Because Unicode contains so many characters, it can be dangerous to assume that a limited range holds a particular property. For example, do not assume that the only digits are U+0030 ( 0 ) through U+0039 ( 9 ). Unicode 3.1 has many digit ranges. Depending on subsequent processing of the string, characters with undetected properties can cause security problems. The best way to handle this problem is to check to the Unicode category. The .NET Framework method GetUnicodeCategory provides this information for managed code. Unfortunately, no interface to this data is included in NLS yet. The latest approved version of the Unicode character properties is always available at http://www.unicode.org/unicode/reports/tr23.

Use GetStringTypeEx for the same purpose, with caution. The GetStringTypeEx properties predate Unicode by several years, and some of the properties assigned to characters are surprising. Nevertheless, many components of Windows use these properties, and it's reasonable to use GetStringTypeEx if you will be interacting with such components.

Table 14-1 shows the GetStringTypeEx property and the corresponding Unicode properties for code points greater than U+0080. Code point properties less than U+0080 do not correspond with Unicode.

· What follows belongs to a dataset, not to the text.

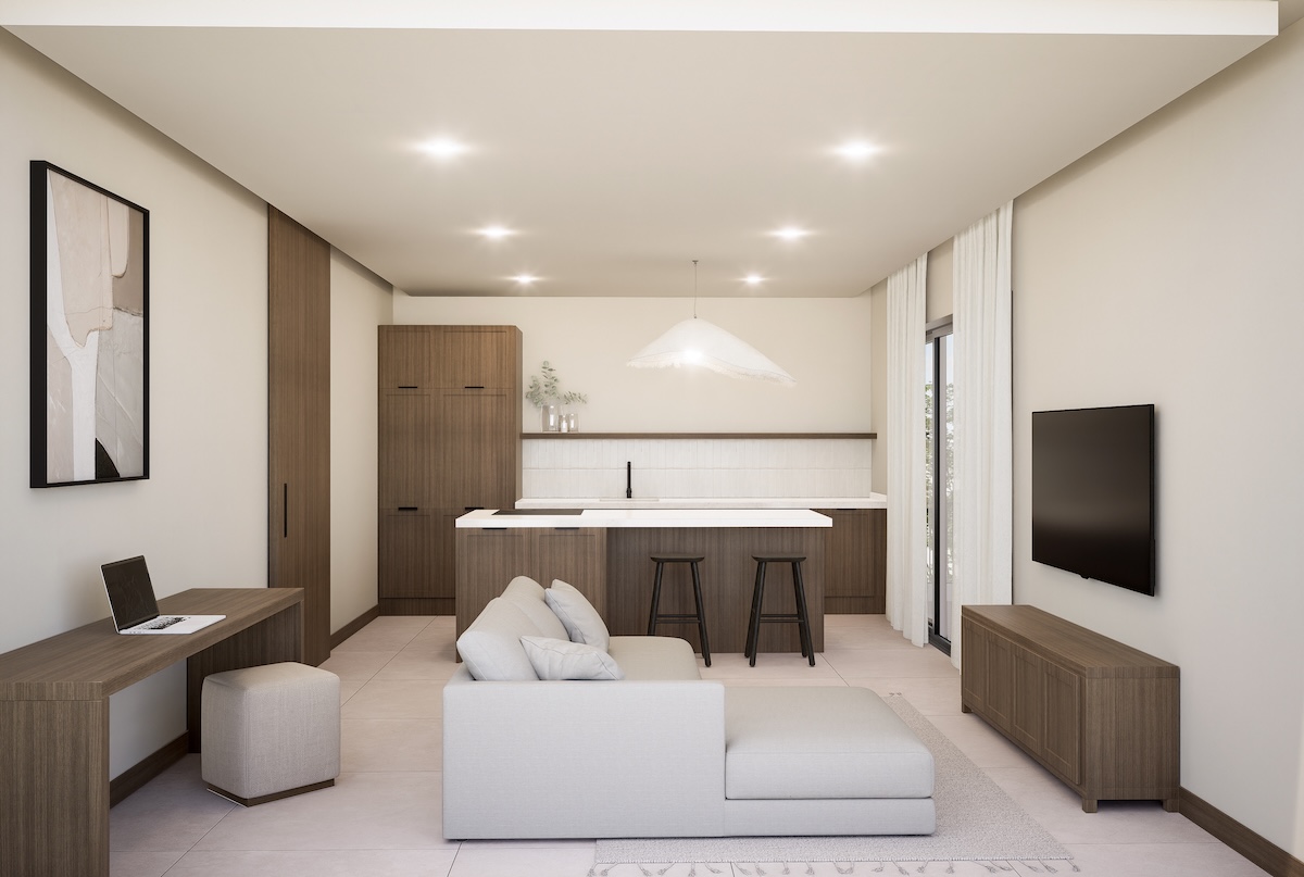 Partimos de una estructura existente y estudiamos sus posibilidades de ampliación. Diseñamos esta vivienda vacacional con su terraza accesible desde todas las estancias y el baño como elemento de circulación.

Table 14-1. Unicode Properties
GetStringTypeEx	Unicode Property
C1_ALPHA	Alphabetic or Ideographic
C1_UPPER	Upper or Title case
C1_LOWER	Lower or title case
C1_DIGIT	Decimal digit
C1_SPACE	White space
C1_PUNCT	Punctuation
C1_CNTRL	ISO control, bidirectional control, join control, format control or ignorable control
C1_XDIGIT	Hex digit
C3_NONSPACING	Nonspacing
C3_SYMBOL	Symbol
C3_KATAKANA	The character name contains the word KATAKANA
C3_HIRAGANA	The character name contains the word HIRAGANA
C3_HALFWIDTH	Half width or narrow
C3_IDEOGRAPH	Ideographic